Album Review: Ke$ha – Warrior

Ke$ha has always been an artist that has divided music audiences. Bursting on to the scene in 2009 as the featured artist on Flo-Rida’s number one single, ‘Right Round’, and then releasing her ubiquitous début single, ‘Tik Tok’, the artist is well-known for her excessive use of Auto-Tune and her floor-filling beats. Having now released her second studio album, Warrior, is Ke$ha sticking to her guns or trying something new?

Die-hard fans of ‘trash queen’ Ke$ha won’t be disappointed with this album. Sticking to what she does best, album opener and title track ‘Warrior’ is a slight progression from the stinking fabulous ‘Cannibal’. ‘We were born to break the doors down / Fighting till the end / It’s something that’s inside of us / It’s how we’ve always been’ she bellows over her standard pounding,  Europop beats. Arguably her best track to date, ‘Die Young’ follows. Ke$ha continues to be ground-breaking and vibrant, here starting off with a seductive acoustic guitar, and then building to the throbbing, catchy chorus.
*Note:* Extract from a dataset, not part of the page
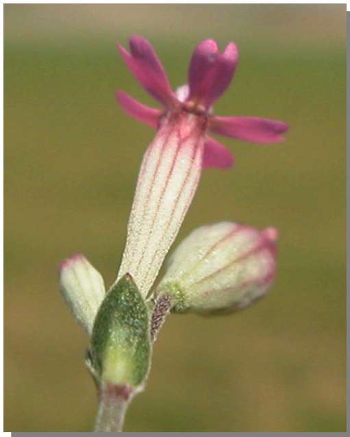
S. rubella . Detalle del cáliz

Second single, ‘C’mon’ continues the catchy theme with its animated, synth-soaked chorus.

Dr Luke (of Katy Perry’s Teenage Dream fame to name just one of his achievements) is very much apparent on this album, with ‘Thinking Of You’ and ‘Crazy Kids’ to single out just two tracks that have his sound stamped on them. ‘Thinking Of You’ is a mid-tempo, man-hating, electro track, and ‘Crazy Kids’ is a blend of dub-dance and acoustic-pop, with a loud-and-proud ‘Miss Independent’ kind of flavour. If chosen as future singles, we could see both easily landing in the Top 10, being commercial yet  original at the same time. ‘Love Into The Light’ also pleases with its airy, retro feel.
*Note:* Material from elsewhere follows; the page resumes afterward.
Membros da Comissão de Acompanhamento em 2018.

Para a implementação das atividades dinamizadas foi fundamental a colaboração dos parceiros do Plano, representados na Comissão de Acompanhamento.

Ke$ha does seem to grow up a tiny bit with this release though.  Trying to mature yet continuing to keep a Budweiser filled cup in her hand, Ke$ha includes some impressive ballads on Warrior. There’s ‘Wonderland’, which has a vaguely jazz-influenced feel, and the brilliant, slightly dub-influenced ‘Supernatural’, which both suggest that this artist doesn’t need to rely on Auto-Tune quite so much.  A rock influence has also driven some tracks on Warrior, with the slightly crazy but just-about-works duet with Iggy Pop, ‘Dirty Love’. It’s trashy, yet somehow still slightly soulful – hearing is believing with this one.
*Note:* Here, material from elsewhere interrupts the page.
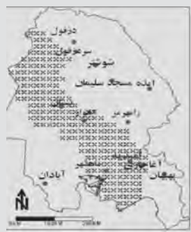
نقشه ۳. پهنه گرم و خشک

سردترین و گرم‌ترین روزهای سال بین ۱۳ تا ۳۴ درجه سانتی‌گراد در نوسان است

Ke$ha is a prime example of the saying ‘if it ain’t broke, don’t fix it’. She knows exactly what to do to seduce her fans and leave them with a big, dance-soaked smile on their faces. Continuing to surprise, however, with some stand-out vocal moments and impressively fun tunes, this album is a great successor to her previous efforts. Minus one or two less memorable tracks, Warrior is near pop perfection.  On the deluxe version, be sure to check out ‘Last Goodbye’, which arguably should have been included on the standard collection.